Friday, March 5, 2010

Markets Headlines and Technical Updates $SPY

Markets Headlines

·         PT desk update - 1.07 to 1 better to sell - strong flow today; Large Cap 68% and Mid Cap 24% of total Market Cap; Consumer Discretionary, Energy, Financials, and Information Technology better to sell; Consumer Staples, Health Care, and Materials better to buy. 

·         Derivatives color - US Indices: Unlike single stocks, index vol remained well supported throughout the day, though came off late in the afternoon to mostly unchanged. Longer dated vol space unchanged. Most of the large prints were related to expiry cleanup and rolls, ie march to june put spreads. In ETFs Jan11 vol was bid in sectors while the short dated sold off much like single stocks. 

·         SP500 technical update from M Krauss - Inside day continues to stall below Wed’s 1125.64 one-month high, and the 1130 Jan range break/interim barrier. Expect period of consolidation below the latter. Day support is Tues’ 1115.71-1116.51 hourly gap. ST support: 1112, then 1107-1105. The 1086 Sept 25 low held the Feb 5 50% retr, and 1076.75-1079.13 Feb 17 hourly bull gap. Feb 26 confirmed an upside reversal month above 1074 (Mon already met min “higher high”). The 1044.50 Feb 5 low held the 1043 July 38% retr/4th-wave obj. The 1150.45 Jan 19 peak neared four targets at 1145-1159. The S+P has neither seen its high (nor low) for this year. The NYSE cumulative A-D line reached an all-time high on Mon & Tues. Cyclical bull markets tend to top 6-8 months later. Our 2010 Outlook suggests a range view between a 950/1000 low and a 1150/1200 high, with a best case to 1229/1240.

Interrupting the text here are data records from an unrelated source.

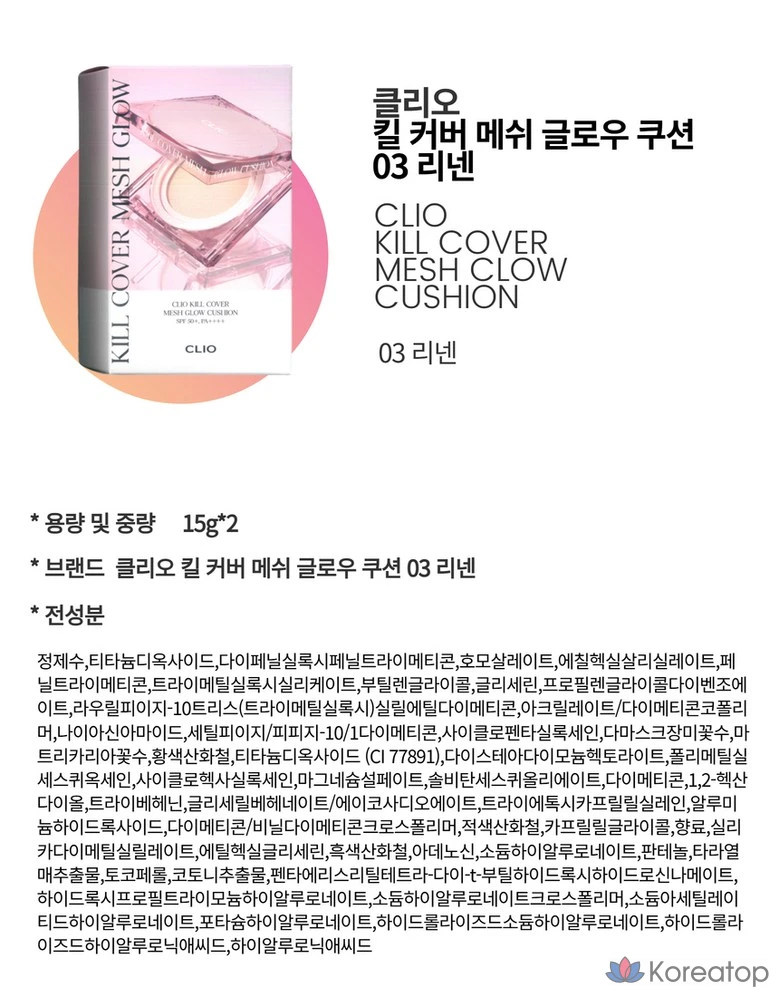 Clio KillCover Mesh Glow Cushion 15 г Основной продукт + Сменный блок, тонкий чехол Kill Cover, высокоадгезионный, кремообразный, эластичная формула, 03 Лен, 1 шт.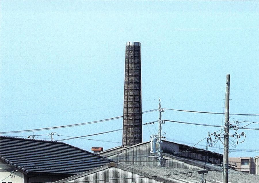 工場建物の南東寄りに位置する。小口積の煉瓦造で、基部平面は直径三メートルの円形とし、高さは二四メートルを測る。現在は鉄製アングル材で補強される。窯業が盛んな当地の歴史を物語る遺構として価値があり、同工場の角形煙突とともにランドマークとなる。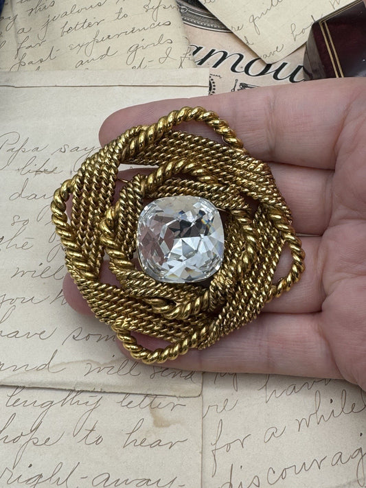 Large Vintage Goldtone Knotted Rope Brooch Clear Center Rhinestone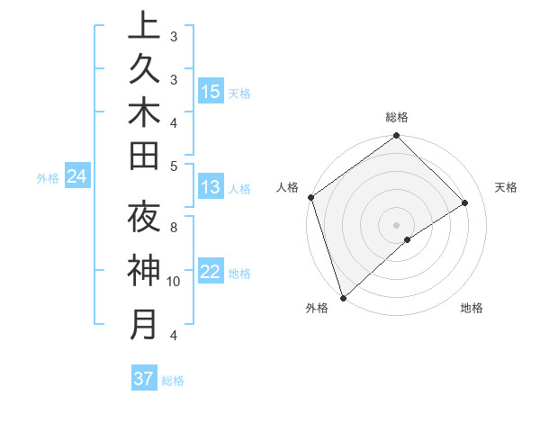 上久木田 夜神月さんを姓名の画数から五運を鑑定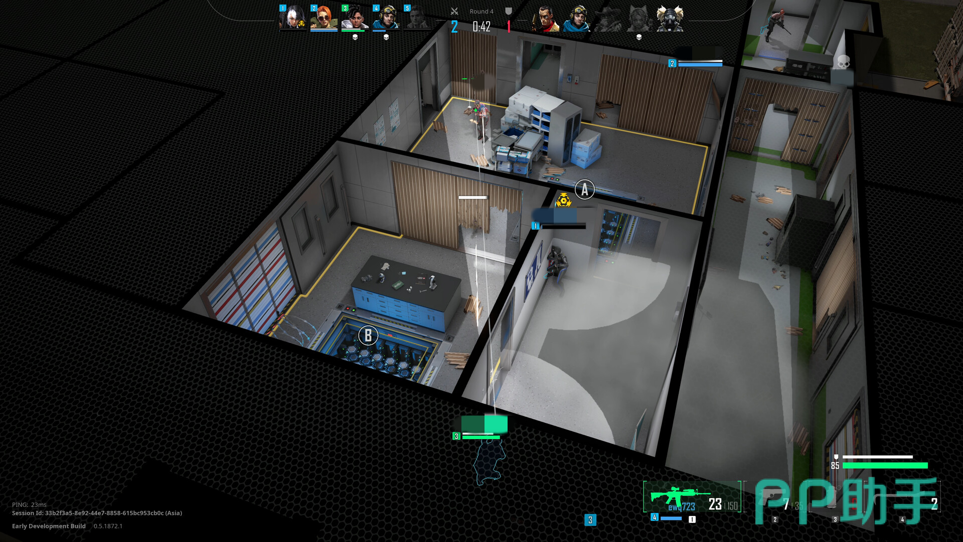 首先明确基础规则:爆破模式采用标准5V5回合制,单局共五局三胜,每回合限时2分20秒,攻防双方每两局轮换身份。进攻方目标为突破密室并成功安装解密装置;装置激活后需守护至芯片被成功盗取。防守方则须通过封门、布设路障与陷阱等方式阻断进攻路径,或在装置安装后及时拆除。团队死斗为非段位练习模式,支持无限复活,以累计击杀数判定胜负,是新手熟悉角色技能、校准瞄准手感的理想训练场。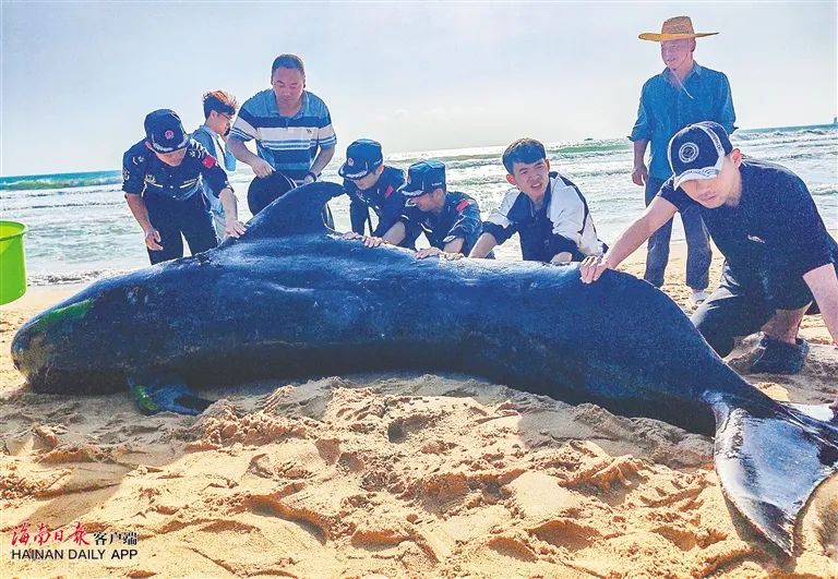 一头受伤的鲸鱼在文昌市龙楼镇铜鼓岭海边的沙滩上搁浅。救援人员一边用湿布盖住鲸鱼身体,持续给鲸鱼身上泼水,保持鲸鱼体表湿润。因鲸鱼太重,工地的施工队开来一台铲车,小心翼翼地将鲸鱼搬到救援车上,送到蓝海保育救护中心做进一步救治。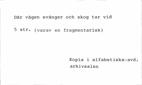 //// Där vägen svänger och skog tar vid 5 str. (varav en fragmentarisk) //// Kopia i alfabetiskasavd. arkivsalen ////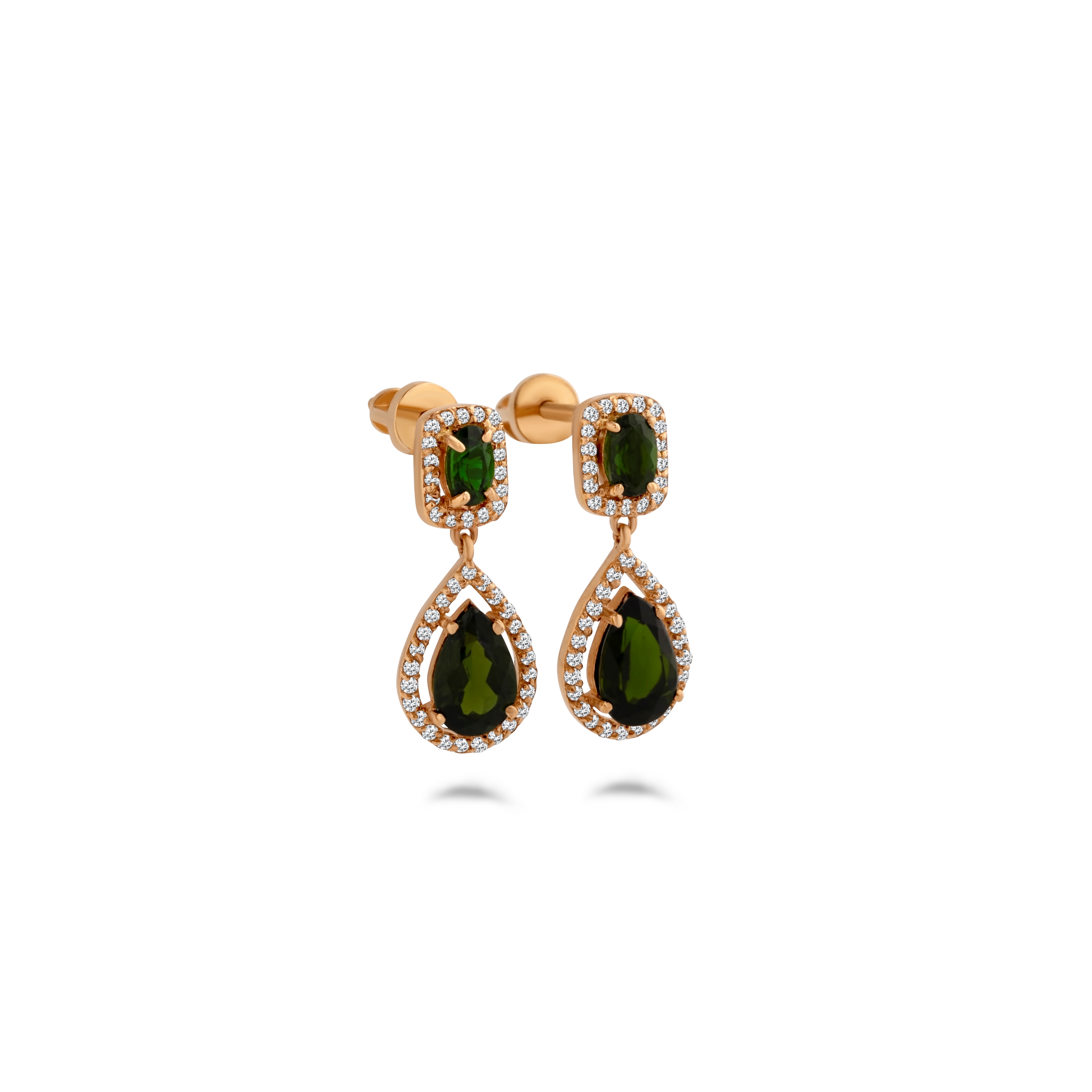 —Серьги из желтого золота с хромдиопсидом и бриллиантами

·         Credit strategy commentary – from JPMorgan’s E Beinstein - High Grade bond spreads were steady this week ahead of Friday’s payroll report. Economic data was moderately better than the prior week and new issue supply remains modest. In our most recent survey, investors reported a more bullish outlook compared to last month, although cash balances declined somewhat.  Significant paydowns from MBS will inject cash into the hands of credit investors, providing further support for all credit asset classes over the next few months. We maintain our bullish outlook on credit, expecting spreads to move inversely with Treasury yields in the near term and to trend tighter over time.  

·         US equity strategy – from JPMorgan’s T Lee -  A Strategic Guide to Reorgs – a look at companies/stocks emerging from Chpt 11 bankruptcy reorg - Based on our review of public records, we have identified 12 reorgs.  We have identified some summary statistics, including debt reduction and revised leverage, and we have included the company’s financial projections as discussed in their disclosure statement. The tickers are: CIT, CCMM, LEA, PPC, DEXO, SPEB, SPMD, EPL, VRML, PMUG, GDMN, and CNRN. 

·         Equity flows - Total equity fund flows (excluding ETFs) were negative, with outflows of $64 mm, compared to $811 mm of inflows last week. Domestic equity funds had $857 mm of outflows compared to $283 mm of inflows in the prior week.  In terms of sectors, Consumer and Real Estate sector funds generated the strongest sales, with inflows of $9 mm each. Tech sector fund flows were the weakest, with $22 mm of outflows.  Worthington.